Multi-lateral interactions among microbe, plant and environment make it very challenging to make predictions on disease outbreaks in the field. In natural environments, several factors such as microbe community, pathogen genome, plant genome [110], soil environments [112], and climate conditions can all contribute to disease development. It is desirable to develop prediction models with the capacity to integrate all of the information to make precise forecasting. Recently, AI and big data methods have been used to study disease factors and to manage disease in the field [166].

DL has been developed in integrating environmental conditions to predict disease outbursts in the field. For example, Xiao et al. (2018) developed an LSTM model to predict the outbreak of pests (bollworm, whitefly, and jassid) and fungal disease (leaf blight) for cotton under consecutive weather conditions (e.g., maximum temperature, minimum temperature, relative humidity, and rainfall) [43]. The results indicated that the LSTM model reached a very high prediction performance, and outperformed the other three models (KNN, SVC, and RF) that did not take sequence information into account.
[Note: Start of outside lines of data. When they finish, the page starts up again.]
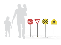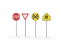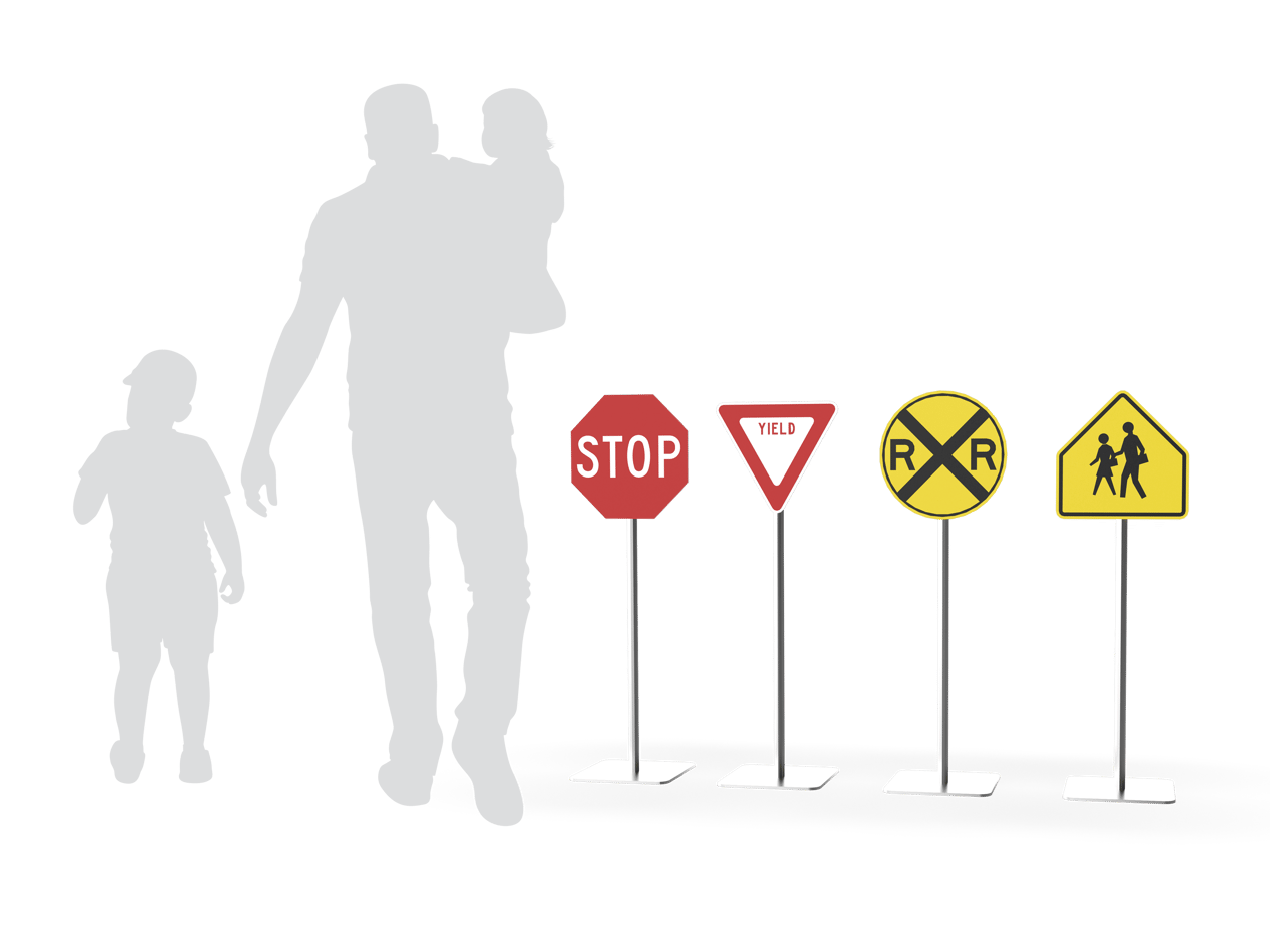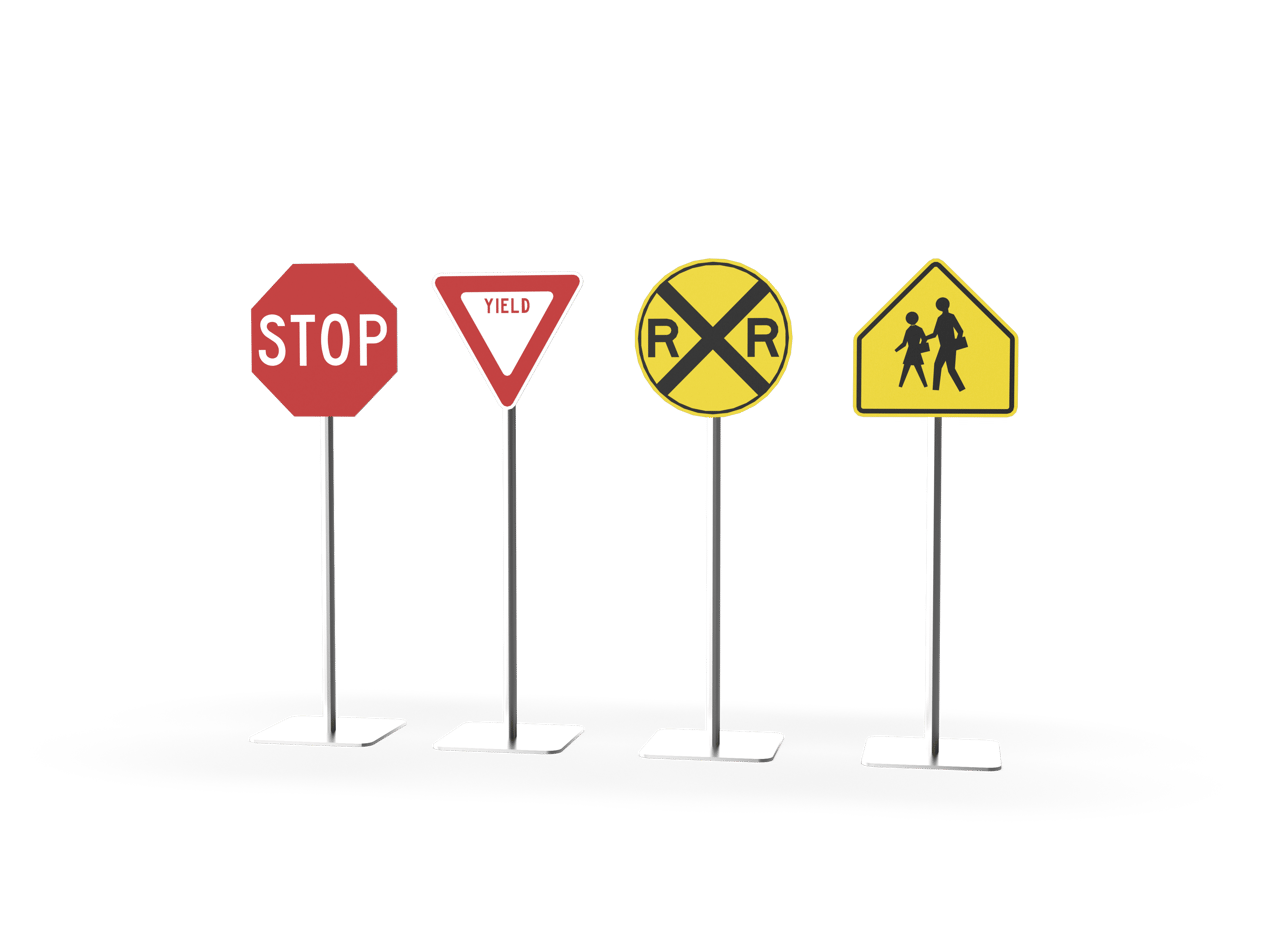 Set of 4 includes Stop, Yield, Railroad, and School Zone signs. Signs include a moveable base and can be rearranged throughout the pathway or brought indoors. Trike path must be placed outside of use zone. Trike Path sign height is 37-1/2.
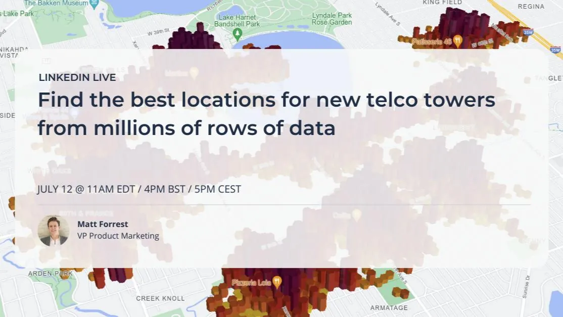 If you’re short on time but interested in learning more about leveraging H3 to tackle the analysis of large datasets, no-code applications for spatial analysis or want to know where to place your telco towers, then Spatial Spotlights are just what you need. Hosted live on LinkedIn, you can join the demos from your phone or watch them on-demand from our Spatial Spotlights playlist on YouTube.
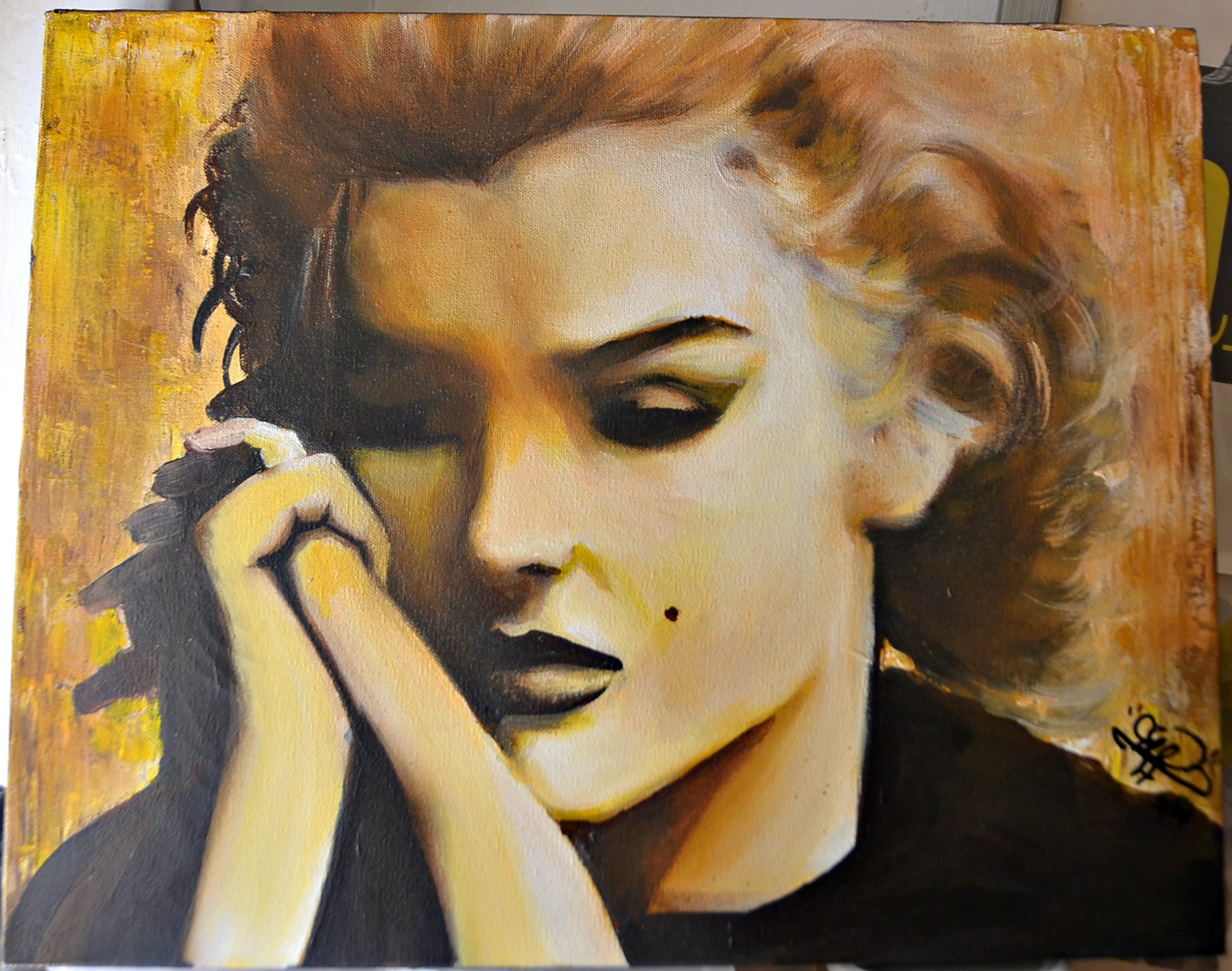 What is so haunting about it, is that it is not ‘wet lip Marilyn’, or ‘skirt blowing Marilyn’. It beautifully sad reflective 1962 Marilyn portrayed as a human being – not symbol. Notice the painting goes from light (right side) to the dark side (on the left).
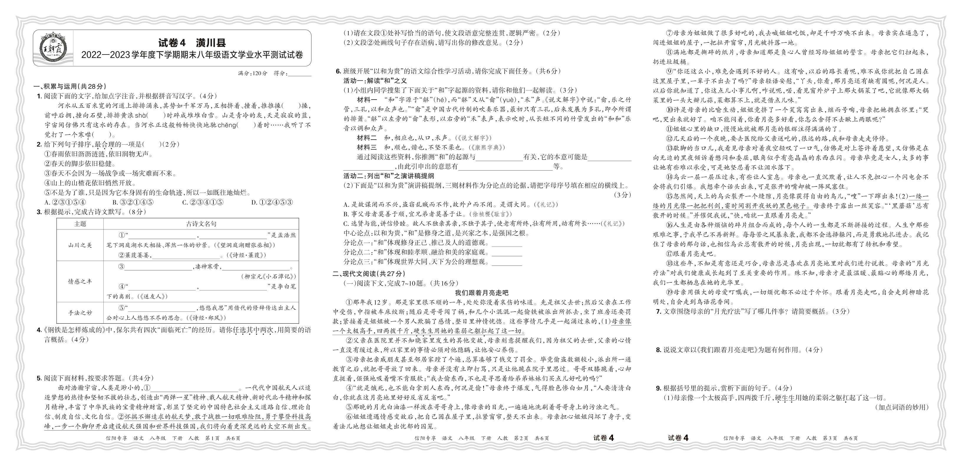河南省信阳市潢川县2022-2023学年度下学期期末八年级语文学业水平测试试卷(人教版)【4】
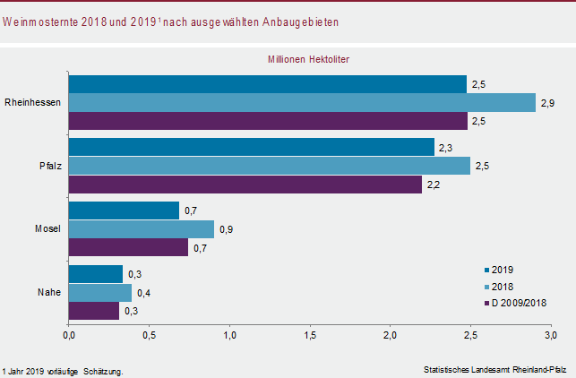 Für Rheinhessen – dem größten Weinanbaugebiet Deutschlands – wurde mit 2,5 Millionen Hektoliter eine Erntemenge geschätzt, die dem langjährigen Vergleichswert entspricht. In der Pfalz wird die Erntemenge mit 2,3 Millionen Hektoliter marginal über dem Durchschnitt liegen. An der Mosel wird eine Erntemenge von 0,7 Millionen Hektoliter erwartet, das wären fast acht Prozent weniger als im langjährigen Durchschnitt und rund ein Viertel weniger als im Vorjahr.
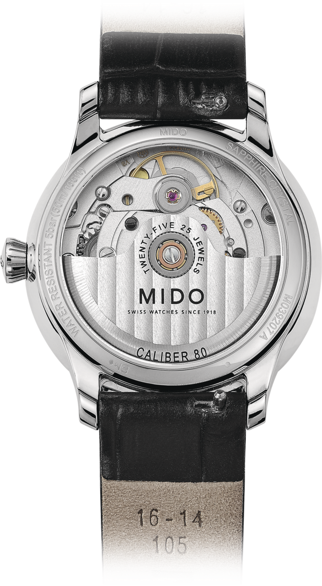 Automatický strojek Mido Caliber 80 je strojek nové generace, postaven však na léty vyzkoušeném strojku ETA 2824. Máme zde tedy vyzkoušenou mechaniku vylepšenou o podstatně delší rezervu chodu a to až dvojnásobek oproti běžným strojkům. Tento strojek dává hodinkám komfort v podobě 80 hodinové rezervy chodu, což v praxi znamená až třídenní chod hodinek odložených v klidu. Vysoká přesnost strojku je zde docílena regulací šroubky na věnci setrvačky.Strojky s automatickým nátahem značky Mido splňují ty nejpřísnější kritéria oboru
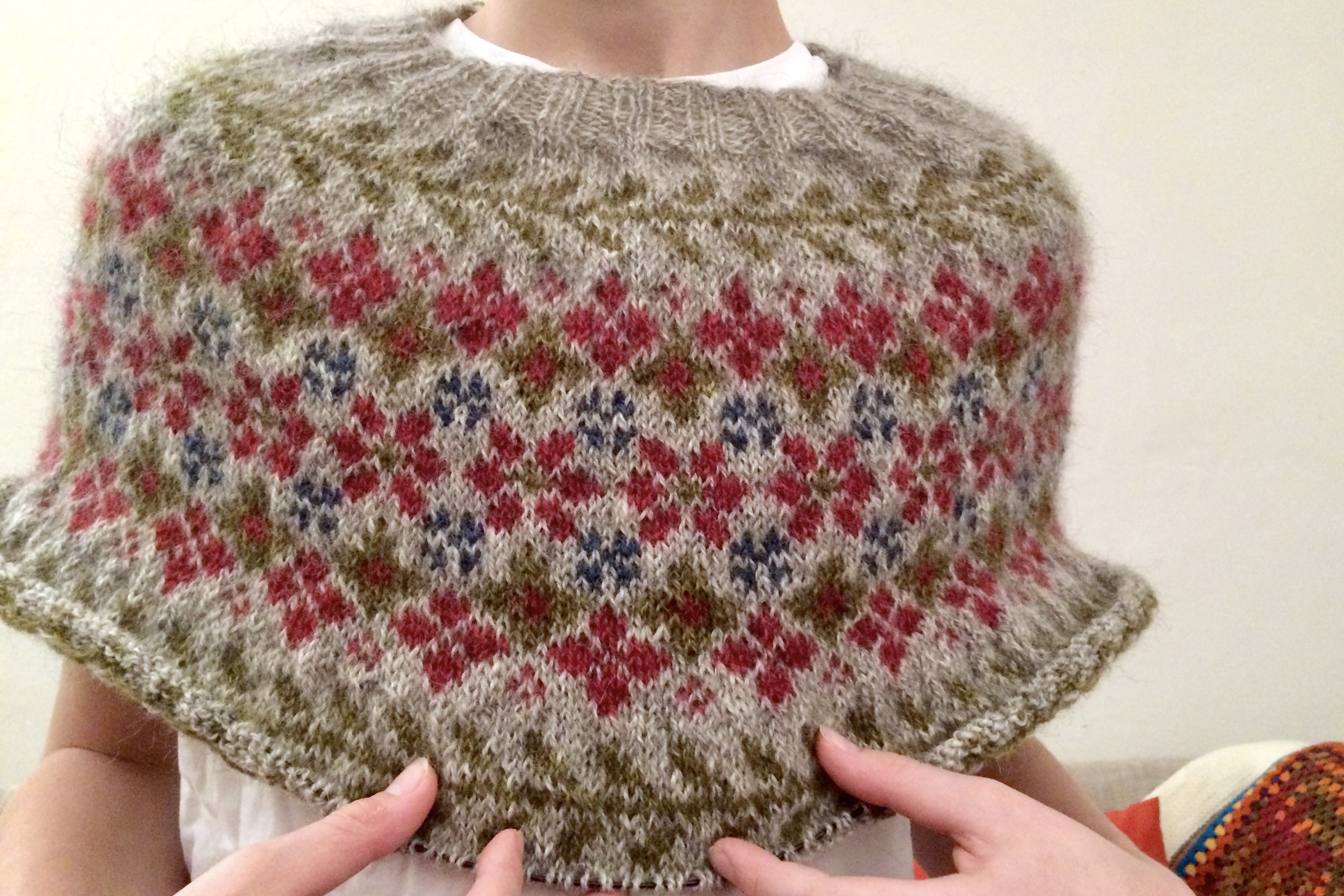 Und auch dem Sohn passt dieser Pullover nicht richtig, ist mehr Poncho als alles andere. (Ganz abgesehen davon, dass das wunderbare Kind auch keinen Blümchen-Pullover haben will, aber ich wollte ein Bild. Also hat er ihn einmal übergeworfen).
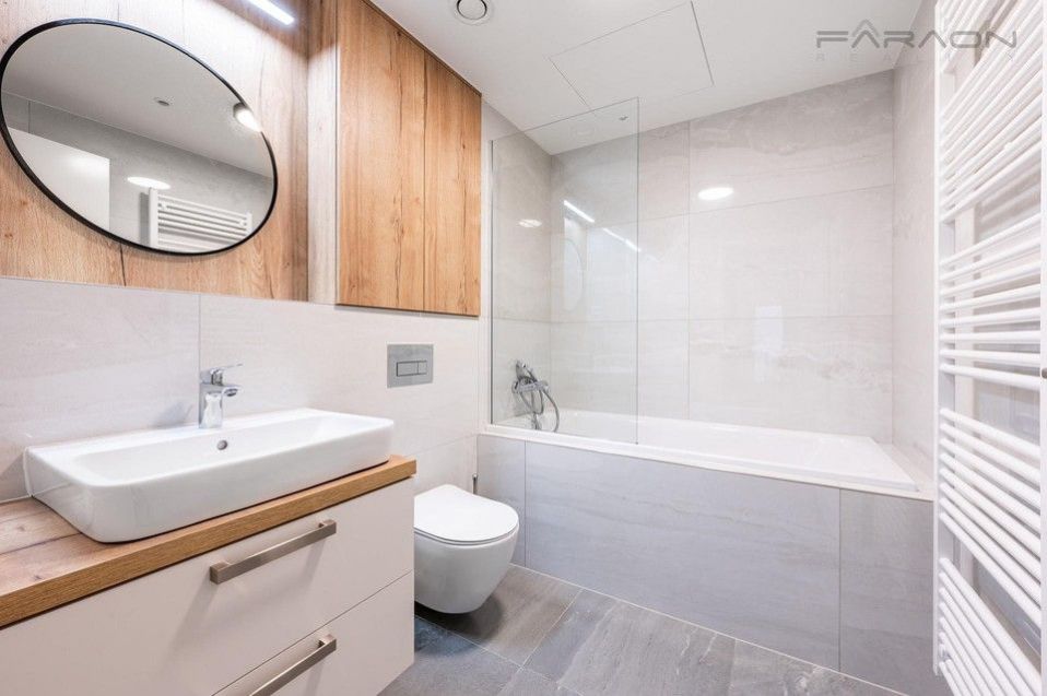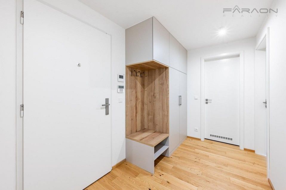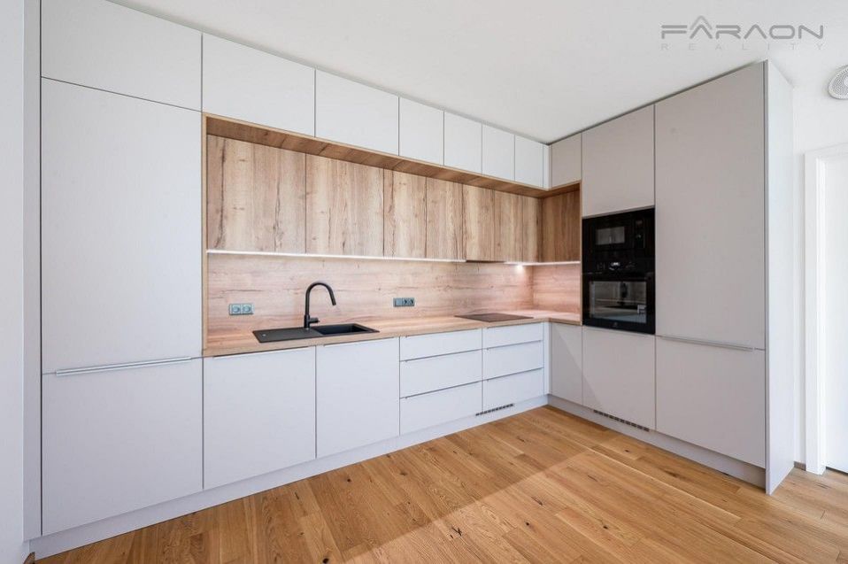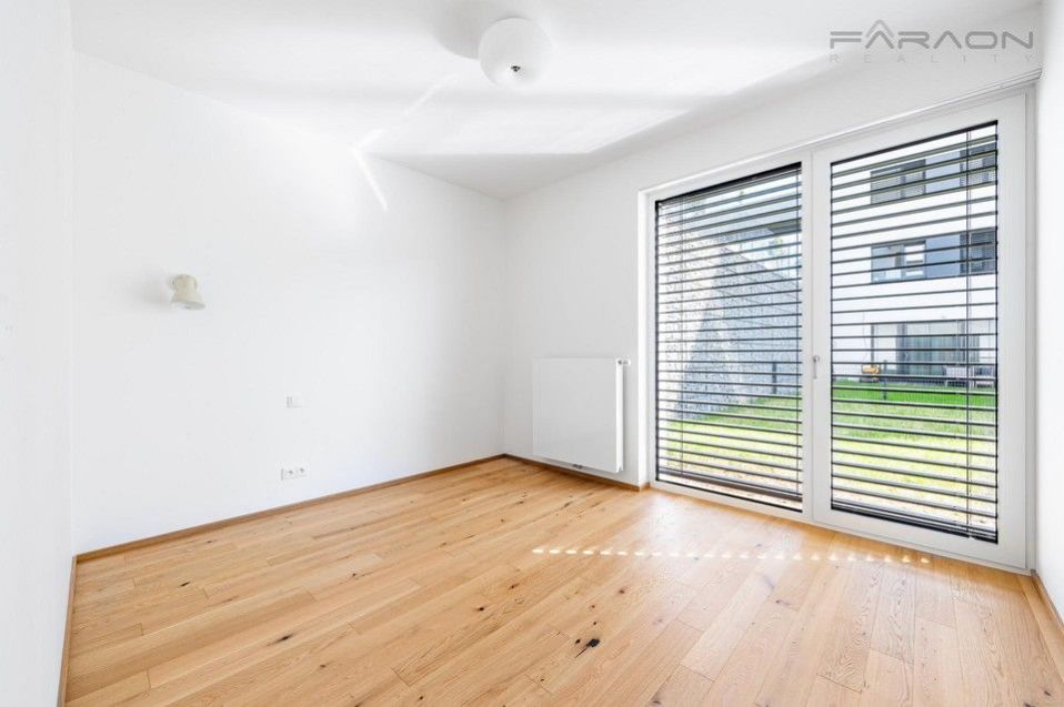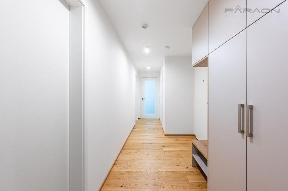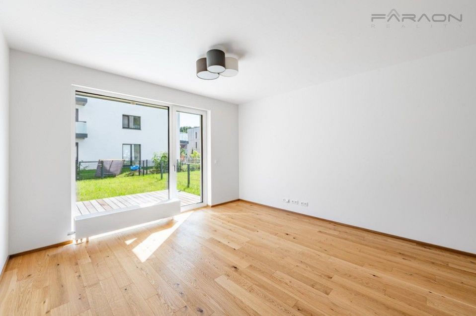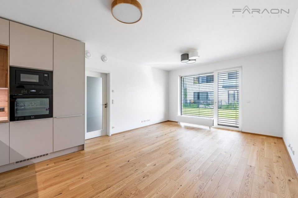 Slunná dispozice bytu 3+kk nabízí nadčasový design, promyšlenou dispozici a kvalitní materiály. Součástí vybavení jsou masivní dřevěné podlahy, moderní kuchyňská linka se spotřebiči ve světlém designu, rekuperace, exteriérové žaluzie, šatní skříně zhotovené na míru ( aktuálně ve výrobě), vstupní chodba se šatnou. Prostorná koupelna s vanou a vybavená koupelnovým nábytkem, závěsná toaleta a další samostatná toaleta s umyvadlem zvlášť. Podlahové vytápění. V ceně nájmu je zahrnuto garážové parkovací stání, sklep a k bytu náleží také krásná soukromá předzahrádka ideální pro posezení nebo odpočinek. Vše je zcela nové a připravené k nastěhování.

Combining CNN and LSTM, the model used to predict the outbreak of P. dispersa (leaf rust) on wheat was also developed by Pryzant et al. (2017) [167]. In this study, 8554 observations, each of which include geology information (latitude and longitude), gross primary productivity, land surface temperature, and remote sensing data on the surface, were used to predict disease severity (on the stem, stripe, and leaf). The prediction results (with an accuracy of 76.53%) were promising for expansion with other diseases. To predict wheat yellow rust breaks, Xu et al. (2018) proposed an RNN-based model of a spatial–temporal recurrent neural network (STRNN) for agricultural emergency management [168]. In this model, time-series data (remotely sensed data) and non-time-series data (climatic, topographic, and soil data) were integrated into the spatial–temporal data vectors in STRNN. The performance of this model, by considering the data dependencies between different time points, outperformed the best baseline models of RF by 30.20%, 23.31%, and 44.52% in the evaluation indexes of MAE, MAPE, and RMSE, respectively. The outperformance of the RNN model is understandable, as baseline models ignore the fact that the dynamic features such as weather for a time span are complex multi-dimensional time series data. The high relevance of dependence between different time points is not appropriate to be fed into fixed-size networks for model training, and the dependence between input units across time needs adequate attention. With two years of data on climate and biotic stresses, we developed a DL model to forecast blackleg disease outbreak, and the accuracy reached 66% (manuscript submitted).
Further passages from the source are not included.